Have a question about the law and freelance writing? Either leave a comment below or contact me directly if you wish to keep the information private (However, please mention that it is a suggestion for Freelance Writing Jobs). This column will be determined largely by your suggestions and questions so let me know what you want to know about.
I am not an attorney and nothing in this article should be taken as legal advice.
2. The Squeamish Payer
This is what I experienced working with. The client was all praises until I asked for my pay. I suddenly became an incompetent writer to the client.
Ohh the same happened to me too!!!
James Tennant says
Haha, the same thing happened to me.
All of the work was fantastic, then when payment was required I was told that “editing had to be done”. Of course, I have checked the site since and no editing has been done to the copy I sent. I got the full payment too, but I wont be doing any work for them again. It took over a month to get paid after the work was accepted…and plenty of back and forth.

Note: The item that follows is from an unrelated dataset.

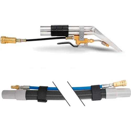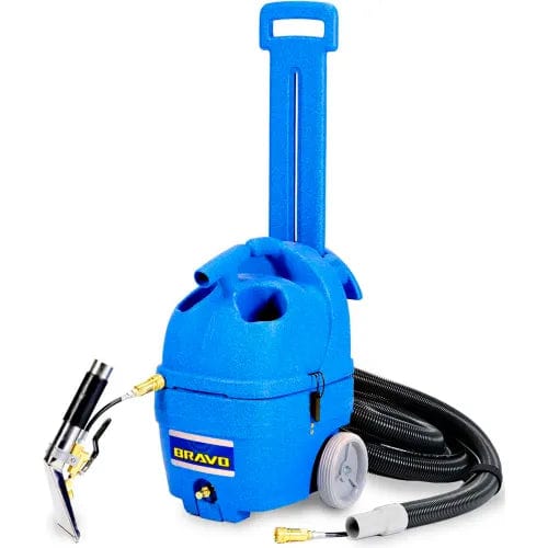 Bravo upholstery cleaner and carpet spotter delivers great efficiency and power in a deceptively small 3-gallon package. No set up time—simply unload and begin cleaning immediately. Compact size and maneuverability make it ideal for spot cleaning and quick cleaning of small carpeted areas, upholstery and auto interiors.Operators will appreciate the specially designed molded-in holders that carry spray bottles, leaving the hands free. The powerful 2-stage bypass vacuum motor delivers 106" of waterlift. Large 6 inch wheels and transport handle plus the cord wrap assembly make it a snap to wheel about your facility. A large porthole on the recovery tank allows easy access for odor-free maintenance. The body quickly opens up for easy servicing and repair. The Bravo is made in the USA and comes with a complete 5 year Warranty on parts and labor and a lifetime warranty on the housing. Want the best cleaner? See the 339MH-HT which comes with a complete tool set up and an intank 1500w stainless steel heater.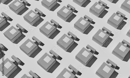 Conceptual concrete bottles patternon on white background, top view. sunlight. Flat lay. 3d rendering

My client got into a circumstance that makes me her pardonable so I like to give her another chance.
Unfortunately, these five categories account for at least 90% of the freelance clients out there now. (Some actually fit multiple categories.) Game playing has become the norm in American business.
Wendy L says
I thought this was excellent advice and wanted to share it with my writers group. How do I get permission to reprint this in our newsletter? My email to you bounced back. Thanks!
Roxane Horton says
Hi, I had an experience recently where
the client wanted me to sign a contract such that I would be personally liable for any defamation action brought against anything I wrote. I wouldn’t have had a problem with this, except that the client used to regularly amend my writing so that it was often more inflammatory than my original (it was a political analysis website). Acting on legal advice I refuse to sign the contract and they stopped employing me. I’d be interested to know if it commonplace for clients to try to contract out of defamation? In print, the publisher holds ultimate responsibility for whatever they print. Why shouldn’t the same be true of web publications?